§ ASSIGNMENT: Hand back every line from the beginning of the data below through the line containing "The first step", word for word and free of pictures.

§ MATERIAL PROVIDED:
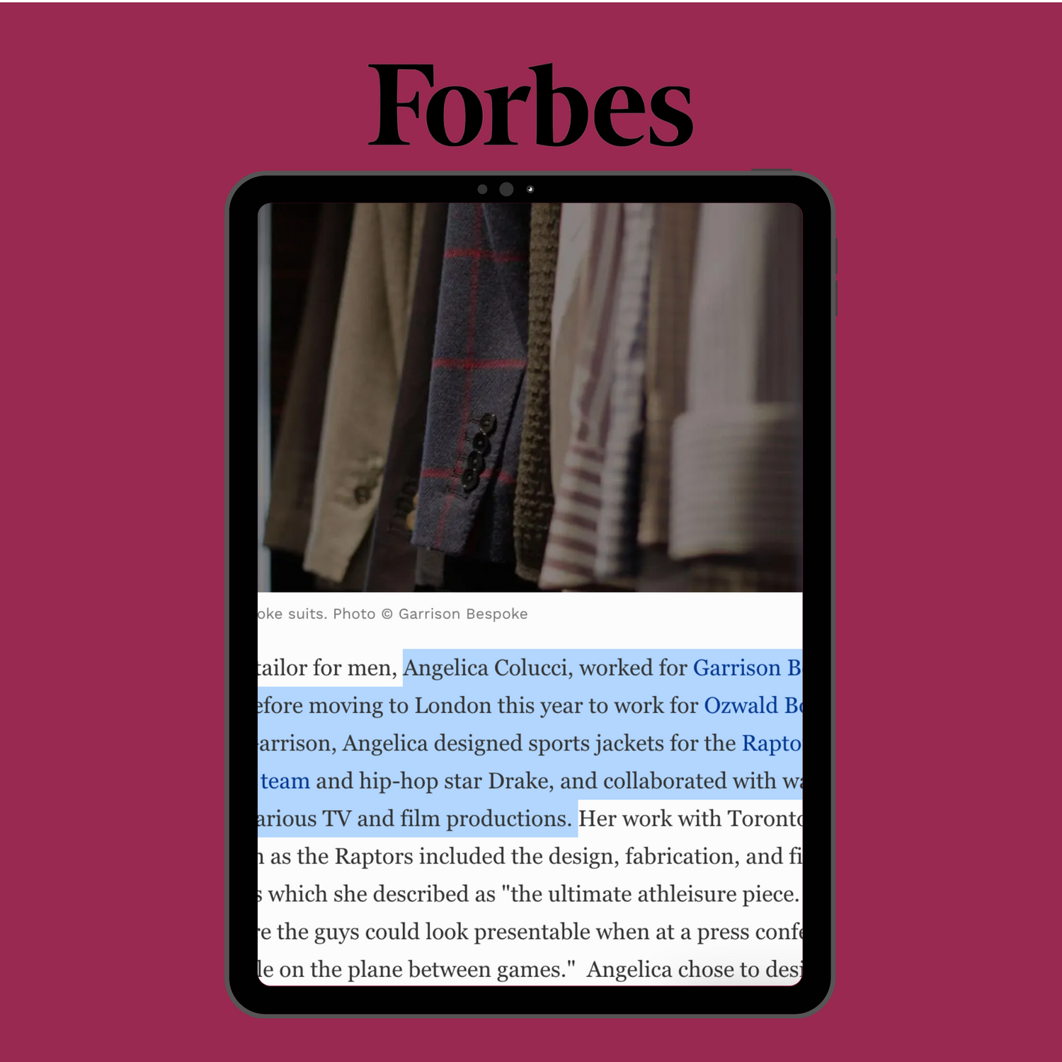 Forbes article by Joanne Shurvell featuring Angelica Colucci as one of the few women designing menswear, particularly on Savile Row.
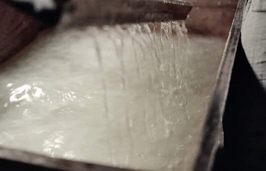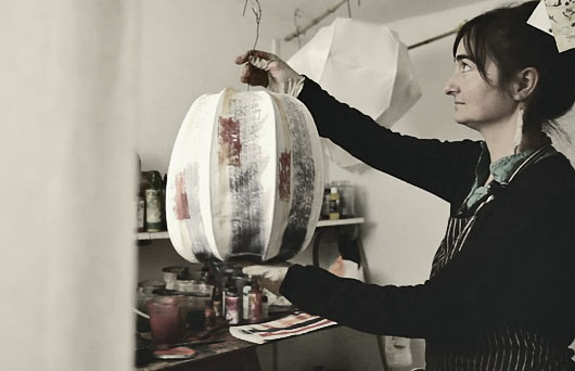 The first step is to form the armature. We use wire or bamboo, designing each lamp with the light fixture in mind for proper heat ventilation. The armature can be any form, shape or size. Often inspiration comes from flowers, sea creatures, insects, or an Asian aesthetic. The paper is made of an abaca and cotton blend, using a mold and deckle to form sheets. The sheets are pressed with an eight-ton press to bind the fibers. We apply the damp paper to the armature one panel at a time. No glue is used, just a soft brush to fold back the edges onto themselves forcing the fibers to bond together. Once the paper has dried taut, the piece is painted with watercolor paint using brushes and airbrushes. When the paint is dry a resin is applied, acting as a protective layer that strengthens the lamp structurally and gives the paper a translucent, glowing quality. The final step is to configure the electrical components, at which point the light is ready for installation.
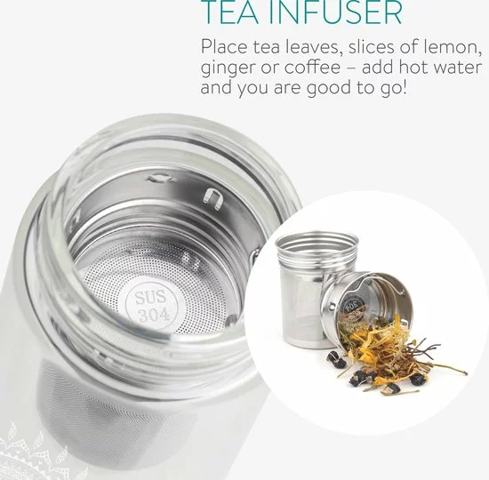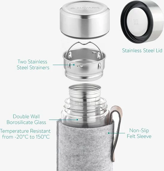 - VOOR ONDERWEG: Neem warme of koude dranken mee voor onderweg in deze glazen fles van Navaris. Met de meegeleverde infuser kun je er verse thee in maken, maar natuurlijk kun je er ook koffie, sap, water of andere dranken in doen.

§ RESPONSE TO THE EXERCISE:
 Forbes article by Joanne Shurvell featuring Angelica Colucci as one of the few women designing menswear, particularly on Savile Row.
 The first step is to form the armature. We use wire or bamboo, designing each lamp with the light fixture in mind for proper heat ventilation. The armature can be any form, shape or size. Often inspiration comes from flowers, sea creatures, insects, or an Asian aesthetic. The paper is made of an abaca and cotton blend, using a mold and deckle to form sheets. The sheets are pressed with an eight-ton press to bind the fibers. We apply the damp paper to the armature one panel at a time. No glue is used, just a soft brush to fold back the edges onto themselves forcing the fibers to bond together. Once the paper has dried taut, the piece is painted with watercolor paint using brushes and airbrushes. When the paint is dry a resin is applied, acting as a protective layer that strengthens the lamp structurally and gives the paper a translucent, glowing quality. The final step is to configure the electrical components, at which point the light is ready for installation.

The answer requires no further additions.